In late 2018, Abbas decided to formally dissolve the 2006-elected PLC. He did so to avoid Hamas again seizing control of the P.A., without ever holding elections. The fear arose since P.A. law provided that if the P.A. chairman died or became incapacitated, he would automatically be replaced by the Speaker of the Parliament who, at the time, was still Abdel-Aziz Dweik. Abbas sought to prevent this automatic function of P.A. law, in the fear that once Hamas/Dweik assumed his “temporary” position, he too would never step down and never call the elections required.
Before dissolving the PLC, Abbas promoted a structural change in the PLO that would grant him enhanced control.
To facilitate his control over the PLO, in May 2018, Abbas ensured that the PNC transferred its powers to a much smaller and more easily dominated Palestinian Central Committee (PCC).
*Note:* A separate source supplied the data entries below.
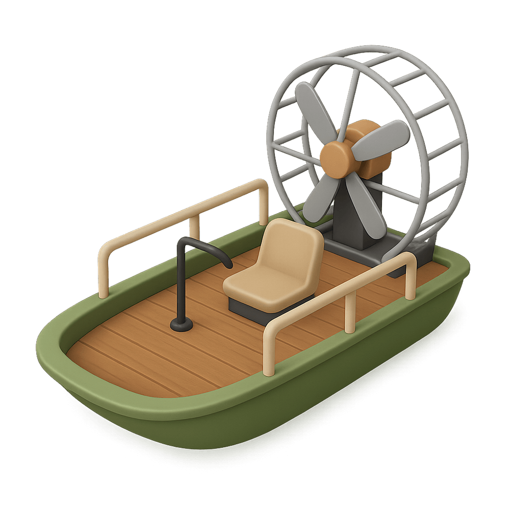The Swamp Skimmer is a lightweight, flat-bottomed vehicle designed for traversing wetlands and marshy terrain. Its elevated platform and wide hull allow it to glide smoothly over shallow waters and dense vegetation, making it ideal for exploration, transport, and rescue operations in swampy environments.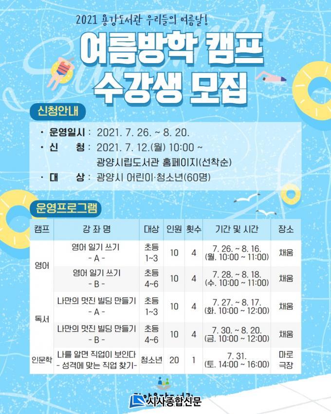 ÇÑÆí, ¿©¸§¹æÇÐ Ä·ÇÁ Âü°¡ ½ÅûÀº 7¿ù 12ÀÏ ¿ÀÀü 10½ÃºÎÅÍ ±¤¾ç½Ã¸³µµ¼°ü ȨÆäÀÌÁö(lib.gwangyang.go.kr)¸¦ ÅëÇØ °¡´ÉÇϸç, ÀÚ¼¼ÇÑ »çÇ×Àº ½Ã¸³µµ¼°ü ȨÆäÀÌÁö¸¦ ¹æ¹®Çϰųª ±¤¾ç¿ë°µµ¼°ü(¢Ï061-797-3857)À¸·Î ¹®ÀÇÇÏ¸é ¾Ë ¼ö ÀÖ´Ù.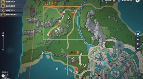 厄里那斯的位置比较分散,存在9个点位,玩家可以先从北向南挑战。
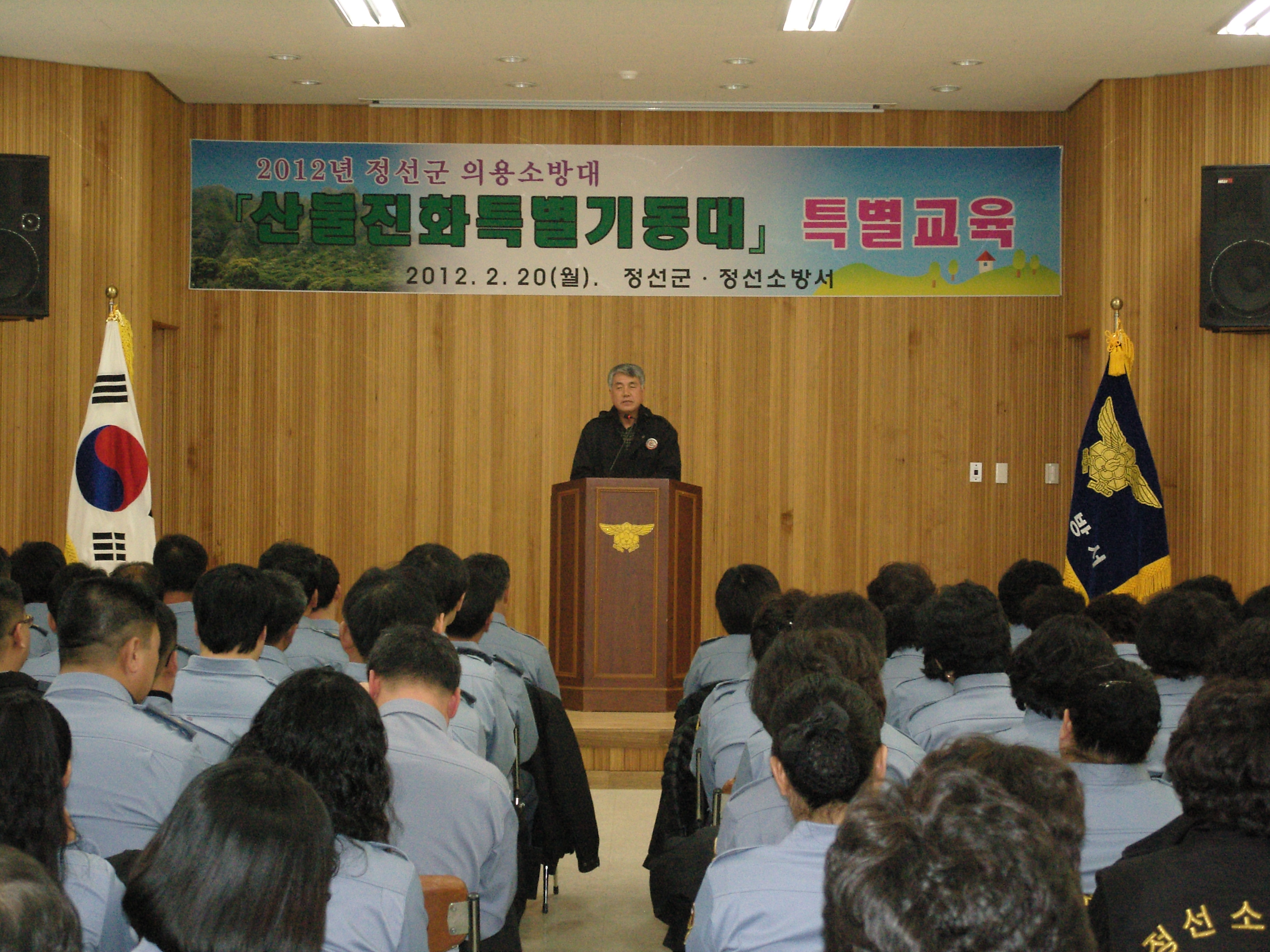 정선소방서(서장 박창진)는 2월 20일 정선소방서 대회의실에서 정선군수와 산림정책과장을 강사로 초빙하여 정선군 의용소방대 산불진화특별기동대원 130명을 대상으로 산불예방 및 진화업무에 대한 특별교육을 실시하였다.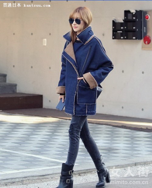 时尚牛仔面料保暖大衣,个性的斜拉链设计,帅气的牛仔面料,搭配短靴尽显明星范。 |

The PNC is the legislative institution of the PLO, that almost never convened due to its size and the geographical dispersion of its members.
Following the transfer of power from the PNC, in February 2022, Abbas then pushed to elect Rawhi Fattouh as the Speaker of the PNC and promoted a decision in the PCC ordering the PLO Executive Committee to reformulate the institutions of the P.A.
Having now merged the P.A. institutions into the PLO structure and replaced the PLC with the PNC, Abbas’s choice of Fattouh as his interim replacement was not the positive appointment of a successor, but rather Abbas finally imposing the PLO on the P.A.
To avoid openly saying that Abbas had dismantled the P.A.’s electoral and governing mechanisms, as designated by the Oslo Accords, and replaced them with the PLO, the wording of the announcement published by Wafa, the official media mouthpiece of the Palestinian leadership, was intentionally misleading: “President Abbas issued a constitutional declaration stipulating that should the post of P.A. President become vacant, the Chairman of the Palestinian National Council (PNC) shall temporarily serve as P.A. President pending the holding of presidential elections as per the Palestinian Elections Law.”
Using this wording, Abbas presented to the unfamiliar eye the ostensible reality that the PNC is somehow connected with the “Palestinian [i.e. P.A. – M.H.] Elections Law,” when in reality, no such connection exists.
Abbas’s choice of Fattouh as his interim replacement effectively allows him to temporarily placate all of the other Palestinian leaders, such as Hussein a-Sheikh, Mahmoud al-Aloul, Marwan Barghouti, Jibril Rajoub, Majed Faraj, Muhammad Dahlan, et al., who all see themselves, each for their own reason, as his replacement.